Repeat the data that follows exactly, starting at the line with "Harlow HAR163M Ivory" and ending at the line with "ในราคาเริ่มต้น 3.59 ล้าน", and leave out every picture.

##### TASK MATERIAL

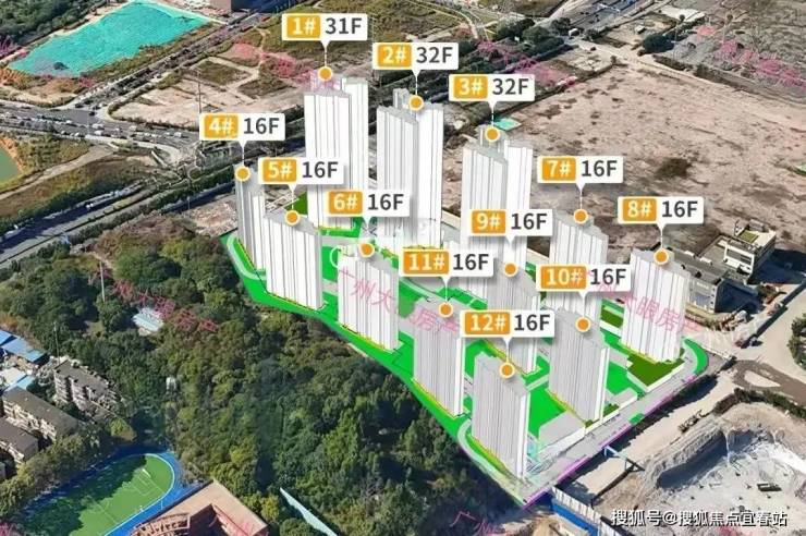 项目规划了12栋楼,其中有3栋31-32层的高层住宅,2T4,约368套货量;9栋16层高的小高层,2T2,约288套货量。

##########
##### TASK MATERIAL

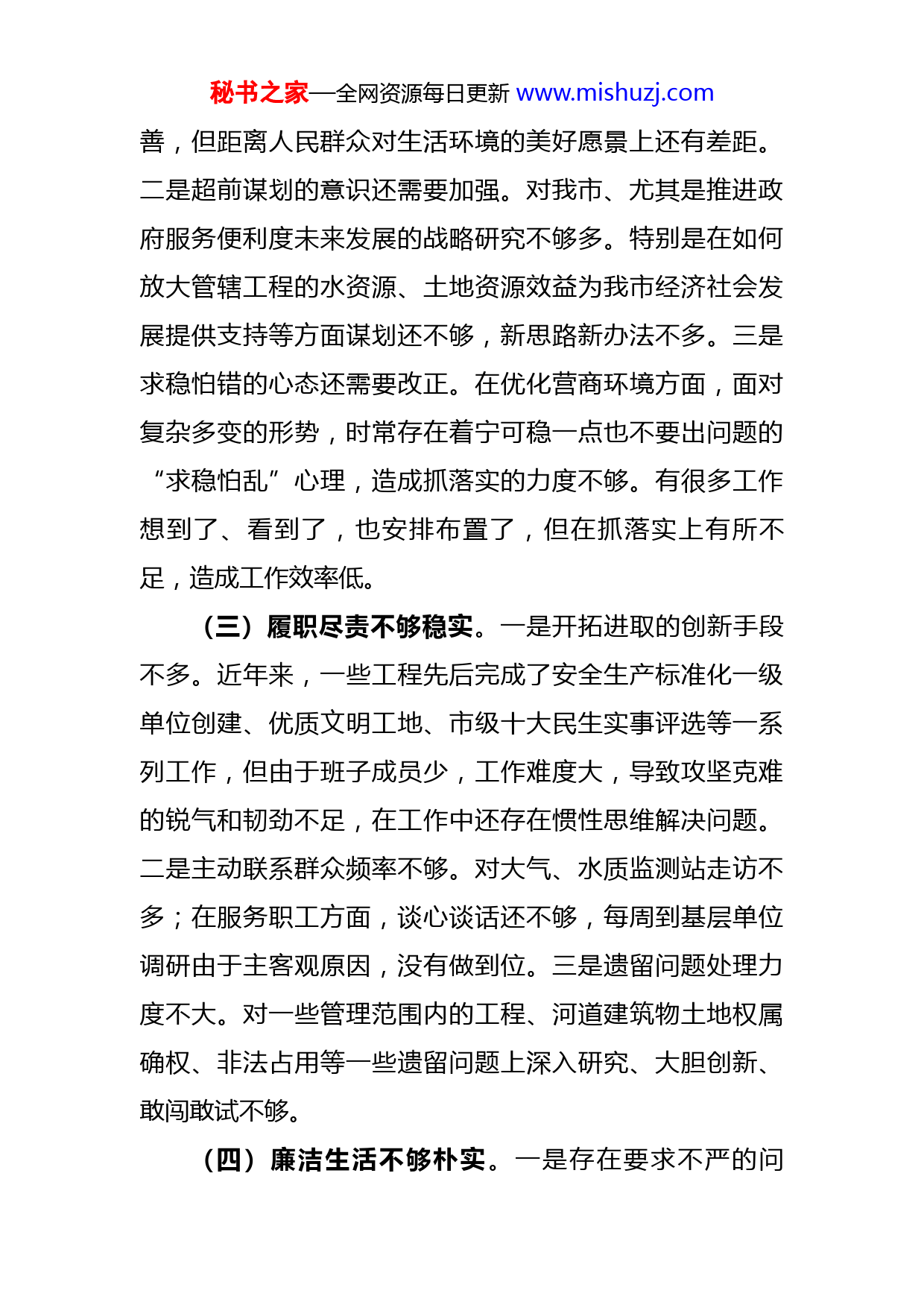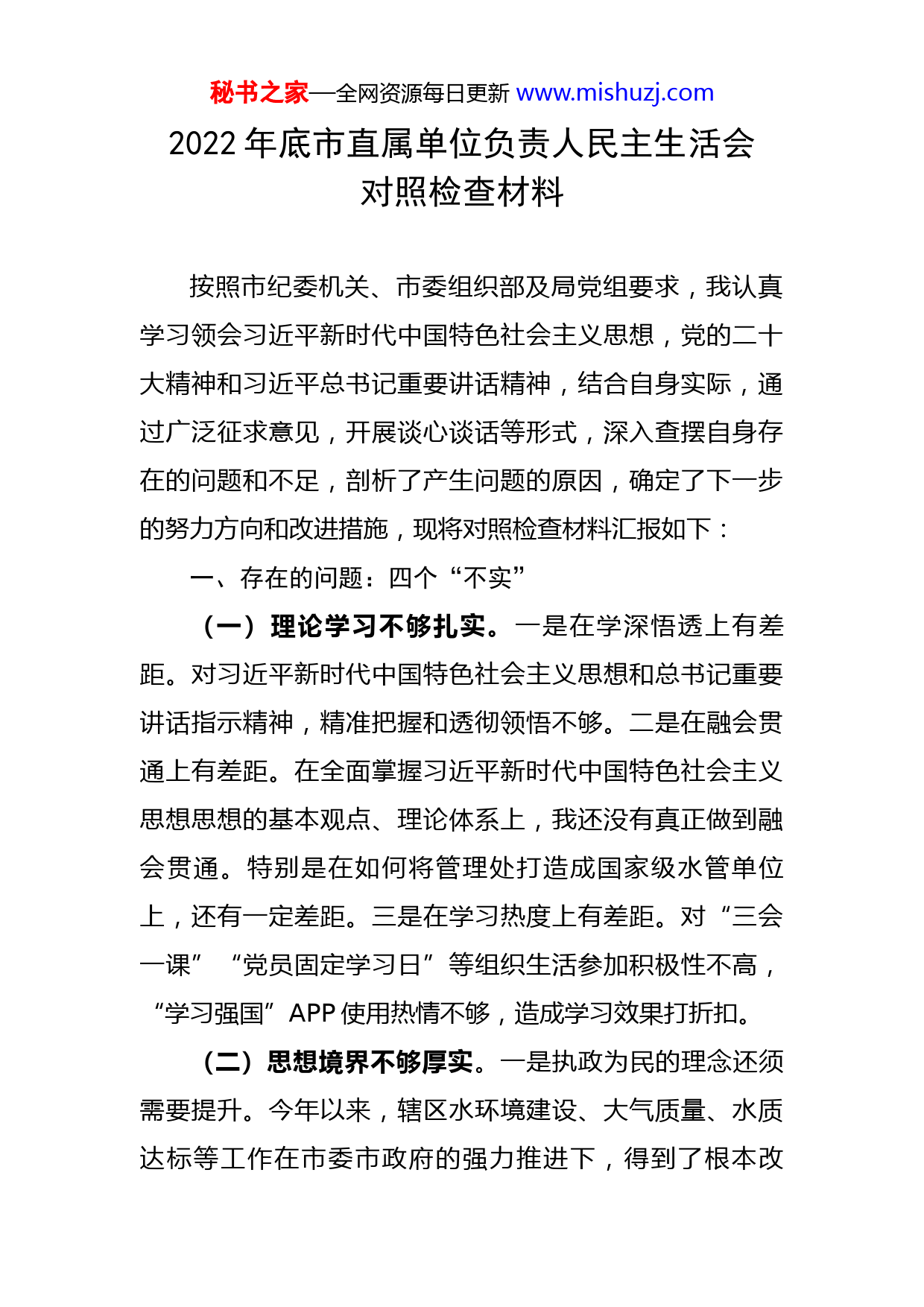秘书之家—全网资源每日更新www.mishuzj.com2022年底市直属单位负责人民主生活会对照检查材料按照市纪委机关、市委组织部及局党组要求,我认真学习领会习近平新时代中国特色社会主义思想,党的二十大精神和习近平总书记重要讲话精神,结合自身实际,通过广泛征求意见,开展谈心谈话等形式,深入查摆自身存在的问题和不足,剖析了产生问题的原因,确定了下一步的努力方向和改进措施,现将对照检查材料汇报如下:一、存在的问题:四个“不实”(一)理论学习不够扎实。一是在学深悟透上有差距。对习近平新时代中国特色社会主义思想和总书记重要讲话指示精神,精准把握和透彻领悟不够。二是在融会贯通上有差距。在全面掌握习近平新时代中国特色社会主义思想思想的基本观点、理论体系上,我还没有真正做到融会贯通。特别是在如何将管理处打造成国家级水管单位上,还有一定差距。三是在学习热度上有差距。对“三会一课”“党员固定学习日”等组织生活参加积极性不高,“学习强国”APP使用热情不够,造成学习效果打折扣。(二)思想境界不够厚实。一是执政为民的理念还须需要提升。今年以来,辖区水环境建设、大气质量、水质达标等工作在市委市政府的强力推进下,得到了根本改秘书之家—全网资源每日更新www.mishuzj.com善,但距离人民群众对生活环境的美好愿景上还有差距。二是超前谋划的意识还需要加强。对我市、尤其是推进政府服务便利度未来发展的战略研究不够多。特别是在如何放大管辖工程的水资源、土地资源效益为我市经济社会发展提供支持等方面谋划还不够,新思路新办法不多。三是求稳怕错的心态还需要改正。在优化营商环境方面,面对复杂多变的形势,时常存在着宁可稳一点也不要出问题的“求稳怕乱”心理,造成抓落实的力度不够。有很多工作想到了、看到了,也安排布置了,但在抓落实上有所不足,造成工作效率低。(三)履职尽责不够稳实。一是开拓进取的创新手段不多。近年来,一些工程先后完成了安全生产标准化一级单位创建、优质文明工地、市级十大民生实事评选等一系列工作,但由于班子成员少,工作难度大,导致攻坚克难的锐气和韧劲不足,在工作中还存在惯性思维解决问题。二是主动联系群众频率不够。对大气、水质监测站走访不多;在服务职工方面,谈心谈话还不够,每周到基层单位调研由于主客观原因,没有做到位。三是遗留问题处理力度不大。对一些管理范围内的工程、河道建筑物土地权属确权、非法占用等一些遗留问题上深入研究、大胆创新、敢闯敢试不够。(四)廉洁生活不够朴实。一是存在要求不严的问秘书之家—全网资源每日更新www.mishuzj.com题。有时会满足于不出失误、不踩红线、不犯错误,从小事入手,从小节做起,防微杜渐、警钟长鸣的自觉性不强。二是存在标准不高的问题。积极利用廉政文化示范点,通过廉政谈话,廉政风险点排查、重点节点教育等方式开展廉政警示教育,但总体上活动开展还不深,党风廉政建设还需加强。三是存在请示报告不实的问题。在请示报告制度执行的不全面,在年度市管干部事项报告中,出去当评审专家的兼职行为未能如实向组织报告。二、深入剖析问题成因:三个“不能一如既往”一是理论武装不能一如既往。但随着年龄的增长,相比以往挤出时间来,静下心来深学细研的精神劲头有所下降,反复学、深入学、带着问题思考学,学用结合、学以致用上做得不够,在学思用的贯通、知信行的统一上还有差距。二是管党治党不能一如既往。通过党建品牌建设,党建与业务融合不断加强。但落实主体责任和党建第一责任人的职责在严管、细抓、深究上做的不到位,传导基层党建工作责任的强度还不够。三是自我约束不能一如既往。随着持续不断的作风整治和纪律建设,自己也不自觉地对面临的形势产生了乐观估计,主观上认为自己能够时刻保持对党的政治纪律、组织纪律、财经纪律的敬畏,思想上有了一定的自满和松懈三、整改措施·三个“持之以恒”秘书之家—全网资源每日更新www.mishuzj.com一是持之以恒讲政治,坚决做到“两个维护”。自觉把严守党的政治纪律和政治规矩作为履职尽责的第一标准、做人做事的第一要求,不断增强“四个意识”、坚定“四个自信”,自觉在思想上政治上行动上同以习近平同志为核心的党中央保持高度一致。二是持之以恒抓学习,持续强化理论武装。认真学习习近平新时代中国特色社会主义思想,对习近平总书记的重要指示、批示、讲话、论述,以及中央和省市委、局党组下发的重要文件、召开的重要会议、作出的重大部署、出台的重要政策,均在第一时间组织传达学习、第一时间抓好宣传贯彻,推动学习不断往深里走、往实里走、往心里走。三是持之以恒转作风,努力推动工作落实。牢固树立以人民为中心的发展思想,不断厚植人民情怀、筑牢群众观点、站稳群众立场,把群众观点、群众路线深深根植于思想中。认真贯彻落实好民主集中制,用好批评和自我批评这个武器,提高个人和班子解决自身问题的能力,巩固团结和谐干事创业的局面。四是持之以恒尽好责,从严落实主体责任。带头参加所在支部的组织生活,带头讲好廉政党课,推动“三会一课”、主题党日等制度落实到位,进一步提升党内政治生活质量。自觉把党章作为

##########
##### TASK MATERIAL

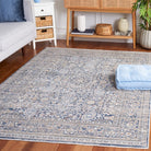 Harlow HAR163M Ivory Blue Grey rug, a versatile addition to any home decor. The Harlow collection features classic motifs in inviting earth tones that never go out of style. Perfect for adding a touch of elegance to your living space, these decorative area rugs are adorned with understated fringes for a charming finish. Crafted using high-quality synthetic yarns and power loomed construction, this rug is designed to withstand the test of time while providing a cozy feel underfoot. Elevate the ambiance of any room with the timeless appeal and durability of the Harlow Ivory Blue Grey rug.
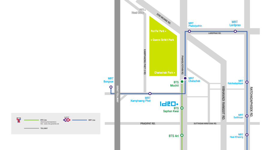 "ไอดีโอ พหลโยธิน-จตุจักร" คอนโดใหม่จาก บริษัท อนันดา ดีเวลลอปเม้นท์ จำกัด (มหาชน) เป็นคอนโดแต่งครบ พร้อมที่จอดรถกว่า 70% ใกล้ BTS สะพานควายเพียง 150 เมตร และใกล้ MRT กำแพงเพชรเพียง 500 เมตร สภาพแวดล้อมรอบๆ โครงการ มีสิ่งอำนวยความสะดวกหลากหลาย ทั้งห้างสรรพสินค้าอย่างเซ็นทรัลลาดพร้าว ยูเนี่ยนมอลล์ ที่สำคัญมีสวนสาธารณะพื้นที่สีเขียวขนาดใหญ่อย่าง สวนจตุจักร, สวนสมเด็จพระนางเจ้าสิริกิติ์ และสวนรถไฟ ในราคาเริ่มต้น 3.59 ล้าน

##########

RESULT BELOW
 Harlow HAR163M Ivory Blue Grey rug, a versatile addition to any home decor. The Harlow collection features classic motifs in inviting earth tones that never go out of style. Perfect for adding a touch of elegance to your living space, these decorative area rugs are adorned with understated fringes for a charming finish. Crafted using high-quality synthetic yarns and power loomed construction, this rug is designed to withstand the test of time while providing a cozy feel underfoot. Elevate the ambiance of any room with the timeless appeal and durability of the Harlow Ivory Blue Grey rug.
 "ไอดีโอ พหลโยธิน-จตุจักร" คอนโดใหม่จาก บริษัท อนันดา ดีเวลลอปเม้นท์ จำกัด (มหาชน) เป็นคอนโดแต่งครบ พร้อมที่จอดรถกว่า 70% ใกล้ BTS สะพานควายเพียง 150 เมตร และใกล้ MRT กำแพงเพชรเพียง 500 เมตร สภาพแวดล้อมรอบๆ โครงการ มีสิ่งอำนวยความสะดวกหลากหลาย ทั้งห้างสรรพสินค้าอย่างเซ็นทรัลลาดพร้าว ยูเนี่ยนมอลล์ ที่สำคัญมีสวนสาธารณะพื้นที่สีเขียวขนาดใหญ่อย่าง สวนจตุจักร, สวนสมเด็จพระนางเจ้าสิริกิติ์ และสวนรถไฟ ในราคาเริ่มต้น 3.59 ล้าน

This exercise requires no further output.